# AIM OF THE TASK:
Without including any pictures, reproduce the full listing exactly.

# RECORDED INFORMATION:
########################################

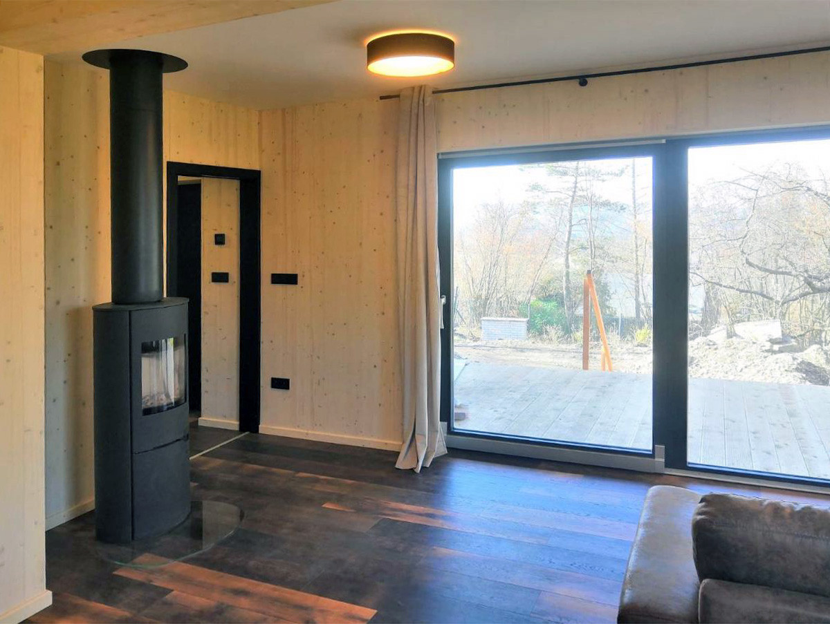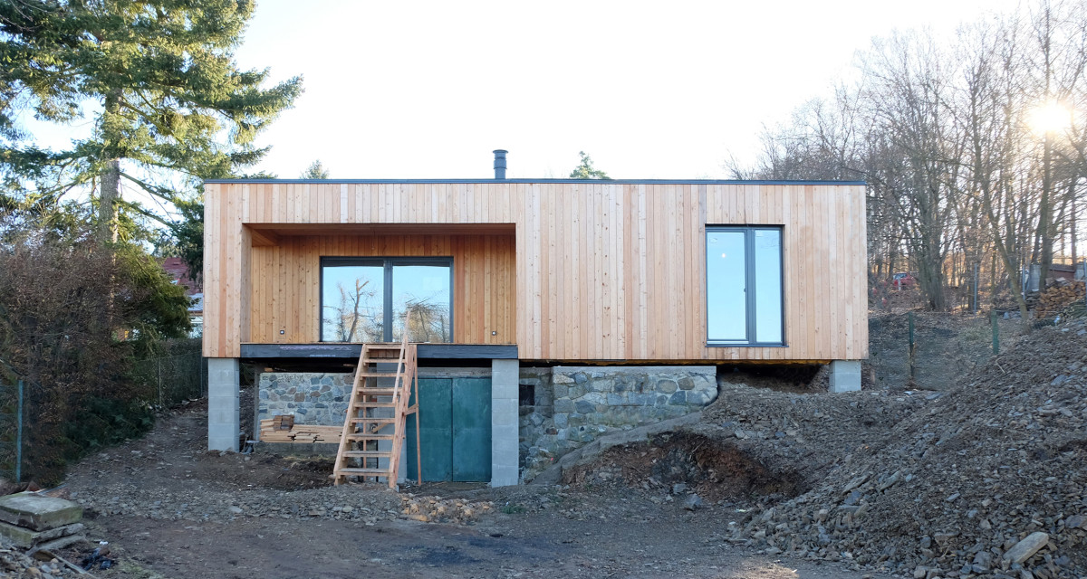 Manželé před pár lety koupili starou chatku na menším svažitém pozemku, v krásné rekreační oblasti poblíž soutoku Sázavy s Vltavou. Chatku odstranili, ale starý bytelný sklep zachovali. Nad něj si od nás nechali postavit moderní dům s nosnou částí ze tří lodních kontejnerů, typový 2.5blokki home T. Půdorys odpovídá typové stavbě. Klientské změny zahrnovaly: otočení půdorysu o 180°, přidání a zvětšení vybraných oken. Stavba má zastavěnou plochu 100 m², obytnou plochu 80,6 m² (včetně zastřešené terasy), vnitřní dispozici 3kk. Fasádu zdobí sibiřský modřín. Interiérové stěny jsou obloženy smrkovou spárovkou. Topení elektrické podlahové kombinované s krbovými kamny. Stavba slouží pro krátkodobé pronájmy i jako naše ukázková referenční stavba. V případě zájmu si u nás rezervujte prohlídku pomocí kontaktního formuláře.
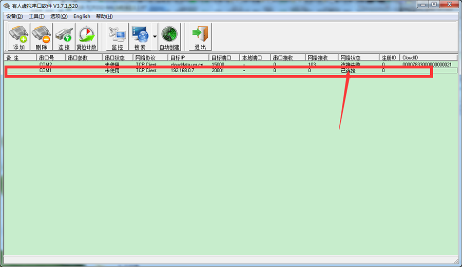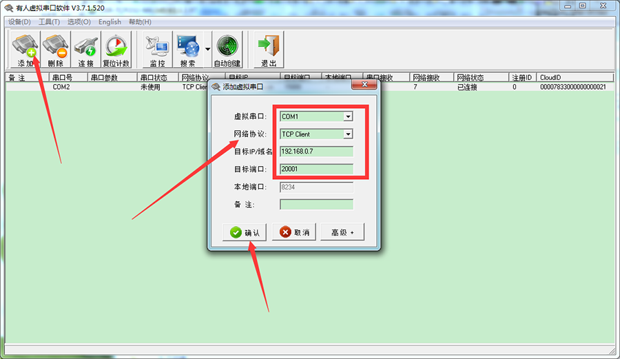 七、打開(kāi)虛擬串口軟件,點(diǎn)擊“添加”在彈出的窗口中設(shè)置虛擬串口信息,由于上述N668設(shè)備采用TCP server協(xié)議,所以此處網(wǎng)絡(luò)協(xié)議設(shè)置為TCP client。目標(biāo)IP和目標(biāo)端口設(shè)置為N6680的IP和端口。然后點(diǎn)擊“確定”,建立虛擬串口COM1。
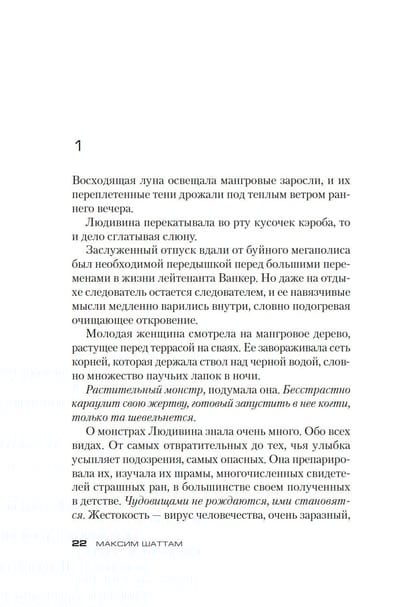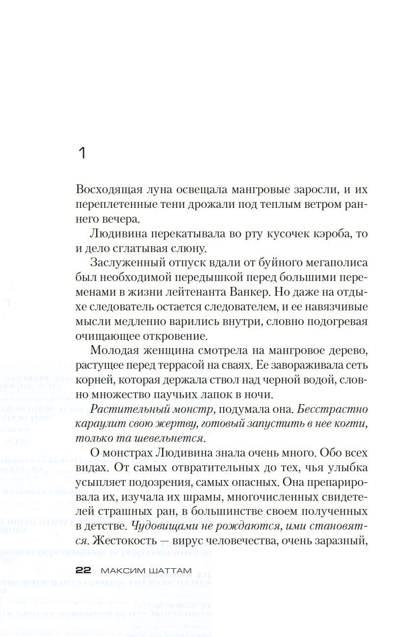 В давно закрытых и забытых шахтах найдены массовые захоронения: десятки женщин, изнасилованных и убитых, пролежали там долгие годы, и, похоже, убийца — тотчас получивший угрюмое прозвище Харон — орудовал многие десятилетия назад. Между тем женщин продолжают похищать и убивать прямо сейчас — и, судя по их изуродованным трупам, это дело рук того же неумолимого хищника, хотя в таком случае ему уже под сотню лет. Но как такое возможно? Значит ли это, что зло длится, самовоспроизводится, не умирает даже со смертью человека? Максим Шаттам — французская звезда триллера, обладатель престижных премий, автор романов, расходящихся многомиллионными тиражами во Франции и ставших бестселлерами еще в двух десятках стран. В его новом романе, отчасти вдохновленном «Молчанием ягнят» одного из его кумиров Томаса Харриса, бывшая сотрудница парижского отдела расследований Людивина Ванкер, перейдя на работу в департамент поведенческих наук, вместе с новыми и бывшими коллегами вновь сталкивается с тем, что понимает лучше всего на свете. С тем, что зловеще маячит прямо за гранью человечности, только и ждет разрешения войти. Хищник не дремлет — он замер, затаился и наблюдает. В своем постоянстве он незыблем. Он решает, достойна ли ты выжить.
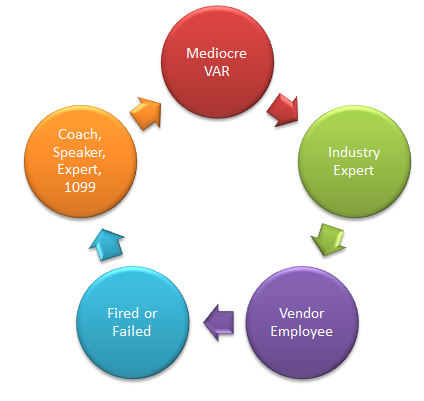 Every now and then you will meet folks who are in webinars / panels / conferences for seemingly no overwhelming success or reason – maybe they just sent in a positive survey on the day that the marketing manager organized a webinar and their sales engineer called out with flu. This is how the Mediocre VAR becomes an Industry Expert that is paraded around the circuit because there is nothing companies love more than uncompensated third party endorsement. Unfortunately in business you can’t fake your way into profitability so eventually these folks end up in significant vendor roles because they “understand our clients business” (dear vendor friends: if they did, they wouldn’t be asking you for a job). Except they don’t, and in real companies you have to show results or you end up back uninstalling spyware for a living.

########################################

# RESPONSE BELOW:
 Manželé před pár lety koupili starou chatku na menším svažitém pozemku, v krásné rekreační oblasti poblíž soutoku Sázavy s Vltavou. Chatku odstranili, ale starý bytelný sklep zachovali. Nad něj si od nás nechali postavit moderní dům s nosnou částí ze tří lodních kontejnerů, typový 2.5blokki home T. Půdorys odpovídá typové stavbě. Klientské změny zahrnovaly: otočení půdorysu o 180°, přidání a zvětšení vybraných oken. Stavba má zastavěnou plochu 100 m², obytnou plochu 80,6 m² (včetně zastřešené terasy), vnitřní dispozici 3kk. Fasádu zdobí sibiřský modřín. Interiérové stěny jsou obloženy smrkovou spárovkou. Topení elektrické podlahové kombinované s krbovými kamny. Stavba slouží pro krátkodobé pronájmy i jako naše ukázková referenční stavba. V případě zájmu si u nás rezervujte prohlídku pomocí kontaktního formuláře.
 七、打開(kāi)虛擬串口軟件,點(diǎn)擊“添加”在彈出的窗口中設(shè)置虛擬串口信息,由于上述N668設(shè)備采用TCP server協(xié)議,所以此處網(wǎng)絡(luò)協(xié)議設(shè)置為TCP client。目標(biāo)IP和目標(biāo)端口設(shè)置為N6680的IP和端口。然后點(diǎn)擊“確定”,建立虛擬串口COM1。
 В давно закрытых и забытых шахтах найдены массовые захоронения: десятки женщин, изнасилованных и убитых, пролежали там долгие годы, и, похоже, убийца — тотчас получивший угрюмое прозвище Харон — орудовал многие десятилетия назад. Между тем женщин продолжают похищать и убивать прямо сейчас — и, судя по их изуродованным трупам, это дело рук того же неумолимого хищника, хотя в таком случае ему уже под сотню лет. Но как такое возможно? Значит ли это, что зло длится, самовоспроизводится, не умирает даже со смертью человека? Максим Шаттам — французская звезда триллера, обладатель престижных премий, автор романов, расходящихся многомиллионными тиражами во Франции и ставших бестселлерами еще в двух десятках стран. В его новом романе, отчасти вдохновленном «Молчанием ягнят» одного из его кумиров Томаса Харриса, бывшая сотрудница парижского отдела расследований Людивина Ванкер, перейдя на работу в департамент поведенческих наук, вместе с новыми и бывшими коллегами вновь сталкивается с тем, что понимает лучше всего на свете. С тем, что зловеще маячит прямо за гранью человечности, только и ждет разрешения войти. Хищник не дремлет — он замер, затаился и наблюдает. В своем постоянстве он незыблем. Он решает, достойна ли ты выжить.
 Every now and then you will meet folks who are in webinars / panels / conferences for seemingly no overwhelming success or reason – maybe they just sent in a positive survey on the day that the marketing manager organized a webinar and their sales engineer called out with flu. This is how the Mediocre VAR becomes an Industry Expert that is paraded around the circuit because there is nothing companies love more than uncompensated third party endorsement. Unfortunately in business you can’t fake your way into profitability so eventually these folks end up in significant vendor roles because they “understand our clients business” (dear vendor friends: if they did, they wouldn’t be asking you for a job). Except they don’t, and in real companies you have to show results or you end up back uninstalling spyware for a living.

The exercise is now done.